Encased in stainless steel, the Nokia N91 has dedicated music keys on its face, which slide down to reveal the phone keypad. The Nokia N91 serves up to 12.5 hours of sound via the included stereo headset. It supports a wide range of digital music formats including MP3, M4A, AAC and WMA. The phone also contains a 2 megapixel camera for print-quality photos, email support, a full web browser and video sharing. The N91 is expected to become commercially available worldwide by the end of this year.

For more information on the Nokia N91, click this link to visit the Nokia home page:

Another choice for the PDA functions is the forthcoming E61 which is business oriented with Blackberry and Office applications. More important to blind users, it doesn't have a camera, which can lower the price. There are no multimedia keys like the N91, nor such an interesting storing capabilities, but you can use a 2GB MiniSD memory card.

BlindSea is a site containing, among other things, information about third-party programs for use on Series 60 cell phones. the programs, many of which have free demos or are free, have been found to mainly work with the Talks program, and many would presumably work with Mobile Speak.

Click this link to visit

Nuance TALKS

Nuance TALKS software converts the display text of a cellular handset into highly intelligible speech, making the device completely accessible for blind and visually impaired people. Nuance TALKS runs on Symbian-powered mobile phones to speech-enable contact names, callerID, text messages, help files and other screen content.

With Nuance TALKS you can:

  • Know that you have email ... and hear it!
  • Write and listen to text messages or instant messages
  • Hear caller id information
  • Know that email or text messages have arrived
  • Listen to your email
  • Add contacts and dial from your directory
  • Use the calculator, calendar and alarm clock
  • Know how much battery life remains and your phone's signal strength
  • Edit your phones profiles

Nuance TALKS runs in the background of a Symbian-powered mobile phone. The software currently works with the Nokia 3230, 3600, 3620, 3650, 3660, 6260, 6600, 6620, 6630, 6670, 6680, 6681, 6682, or the N-Gage phones as well as the Siemens SX1, and the Samsung SGH-D730. Click this link to visit Nuance's website for the complete list of compatible phones, this list is current as of April 2006. Click this link for more information about Nuance TALKS from the Nuance website. Nuance TALKS can be purchased from the Sendero Online Store.

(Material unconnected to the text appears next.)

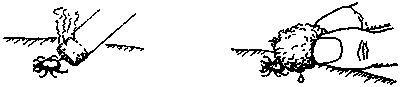 · With tweezers, grasp the tick as close as possible to its mouth - the part sticking into the skin. (Try not to squeeze its swollen belly.) Pull the tick out gently but firmly. Do not touch the removed tick. Burn it.· Or, hold a lit cigarette near it. Or put some alcohol on it.

An announce-only, low-traffic mailing list has been created to keep people informed about new developments regarding accessible cell phones. To join, send a blank message to

Mark Taylor's CandleShore Blog

As more and more of us use Mobile Technology, it helps to have someone who has tested the waters and knows what works, and what doesn't for those who are blind and visually impaired. On the CandleShore Blog, you can learn about a utility that converts standard web-pages into a navigable Mobile web surfing experience, count the calories of your favorite fast food items using your Mobile phone, search for an assortment of prescription and non-prescription medicines over your Mobile phone, access a free spellchecker on your Mobile phone, perform book-keeping applications using your Mobile phone, and so much more.

Click this link to visit Mark Taylor's CandleShore Blog:

1 comment:

Jonh Q said...

The Nokia 3230 is a great phone. My friend had the Nokia 3230 and he loved it!